Machine learning for hypothesis generation in biology and medicine: exploring the latent space of neuroscience and developmental bioelectricity
Abstract
Artificial intelligence is a powerful tool that could be deployed to accelerate the scientific enterprise. Here we address a major unmet need: use of existing scientific literature to generate novel hypotheses. We use a deep symmetry between the fields of neuroscience and developmental bioelectricity to evaluate a new tool, FieldSHIFT. FieldSHIFT is an in-context learning framework using a large language model to facilitate candidate scientific research from existing published studies, serving as a tool to generate hypotheses at scale.
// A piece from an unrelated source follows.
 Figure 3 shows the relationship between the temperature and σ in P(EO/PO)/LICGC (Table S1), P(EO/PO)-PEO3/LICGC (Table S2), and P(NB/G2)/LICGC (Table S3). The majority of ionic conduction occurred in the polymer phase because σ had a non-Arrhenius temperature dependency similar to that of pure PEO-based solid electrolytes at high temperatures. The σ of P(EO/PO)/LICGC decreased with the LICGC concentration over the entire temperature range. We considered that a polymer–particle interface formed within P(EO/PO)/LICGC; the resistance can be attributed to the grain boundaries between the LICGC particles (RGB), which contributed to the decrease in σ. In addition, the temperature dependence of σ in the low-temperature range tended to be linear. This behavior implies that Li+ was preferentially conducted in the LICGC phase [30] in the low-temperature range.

We release a new dataset for translating between the neuroscience and developmental bioelectricity domains and show how FieldSHIFT helps human scientists explore a latent space of papers that could exist, providing a rich field of suggested future research. We demonstrate the performance of FieldSHIFT for hypothesis generation relative to human-generated developmental biology research directions then test a key prediction of this model using bioinformatics, showing a surprising conservation of molecular mechanisms involved in cognitive behavior and developmental morphogenesis. By allowing scientists to rapidly explore symmetries and meta-parameters that exist in a corpus of scientific papers, we show how machine learning can potentiate human creativity and assist with one of the most interesting and crucial aspects of research: identifying insights from data and generating potential candidates for research agendas.